Should I just nail each "half" of the corner board to its respective wall and wait and see how much separation I actually get in the corner? And then either caulk a small space or pop one of the halves of the corner board off and reposition to close a large gap?

I have 10 inch boards with 3 inch battens. For the corners I was planning to rip a 4 inch and a 3 inch to make it look visually equal.

Thanks for any input. Meanwhile I have tons of other trim to do


----------



## DanKrager (Apr 13, 2012)

Charlie, it's an interesting question. I would be inclined to secure the corner boards to each other and then secure the "short" one with a space behind the long one which is not secured to the siding board it covers. This assumes that the siding board to which the short trim will be applied is not nailed at the corner, i.e. it will move some more. So your trim board nails should not penetrate beyond the siding board. 
You could use screws on the corner trim so that you can remove and adjust the trim as necessary, not a big job. Use "finishing" screws (small head) to look more like your nails???
DanK


----------



## Charlie5791 (Feb 21, 2012)

Dan,
It's kinda "rustic". My wife calls it "Cute Rustic", hehehe. So nail holes aren't really a problem. She'll stick a hook or something in them and hang something.

I had considered what you're saying as well. Build the corners as units, and attach them to only one wall with a gap at the other that would (theoretically) close as the board they're nailed to shrinks. If the gap closes up tight, at that point I could pop the whole corner off and reposition it before anything gets split.

That kinda where your thinking is at?


----------



## ClintSearl (Dec 8, 2011)

Maybe something like this:


----------



## Charlie5791 (Feb 21, 2012)

OK, here's what I just got from a guy near me that builds board and batten all the time…

"Put your wide board on such that it will be proud of the narrow board by around 3/16. You can do 1/4, but at this stage 1/8 probably isn't near enough. Just tack the narrow board to use as a spacer so you can judge where to place the wide board. With the wide board secured, now get the narrow board tight against it and nail it on. If you have 1 inch boards and battens, you should use 2 inch nails. Things are going to move as the boards dry. You have to LET them move or you're going to break stuff."

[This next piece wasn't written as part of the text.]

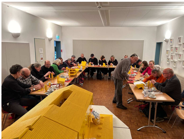
(Foto: Teilnehmer und ihre Assistenten und Begleiter saßen an der U-förmigen Tafel)

Anschließend trommelte ich auf einer spanischen Kistentrommel „Cajón“ aus Holz. Es wurde laut, laut, laut, jeder Schlag wie ein Hammerschlag. Alle konnten diesen Musikklänge gut spüren. Applaus ... es hat Spaß gemacht. Alle durften sich setzen. Wir tranken etwas und probierten die Plätzchen. Dann erklärte ich ihnen gebärdend, wie wir uns mit LEGO-Steinen beschäftigten. Alle Assistenten konnten die Gebärdensprache verstehen und taktil an die taubblinden und höresehbehinderte Menschen weitergeben. Für Taubblinde ist es schwer, LEGO-Figuren zu bauen, weil sie unbedingt einer bildlichen Bauanleitung folgen sollen. Wir können mit bildlichen Bauanleitungen wegen der Taubblindheit nichts anfangen. Alternativ kann man aber mit den Steinen und Platten von Lego frei bauen, nach der eigenen Vorstellung, nicht nach einer Anleitung. Als ich in meinem Beruf nicht mehr arbeiten konnte, hatte ich viele Steine und Platten erworben, um genau dies zu tun. Bauen nach meiner Vorstellung.

heheheh…. You know, I wondered why his outbuildings' corner boards didn't meat flush in the corners, but never thought to ask. Now I know. He says the simplest thing to replace is the narrow half of a corner board.

"Next year you'll know if you want to just caulk a small gap or move that half of the corner board. Either one only takes a few minutes."

Anyone else? I know there are several ways to do this.


----------



## Charlie5791 (Feb 21, 2012)

Clint,
I was typing while you were typing, but yeah. Your drawing is one of the ways that came to mind. Just let one side "float" and give it room to do that.


----------



## DanKrager (Apr 13, 2012)

Yes, Charlie. You seemed to understand what I was suggesting. Clint's drawing makes me wonder why the siding board towards the top of the drawing doesn't split? It's fastened in the corner and (I assume) the center with no where to go. What am I missing? Other than that one nail, I think we are all on the same page.
DanK


----------



## ClintSearl (Dec 8, 2011)

Good point, Dan. May be best to leave that nail out. The corner would still be OK.


----------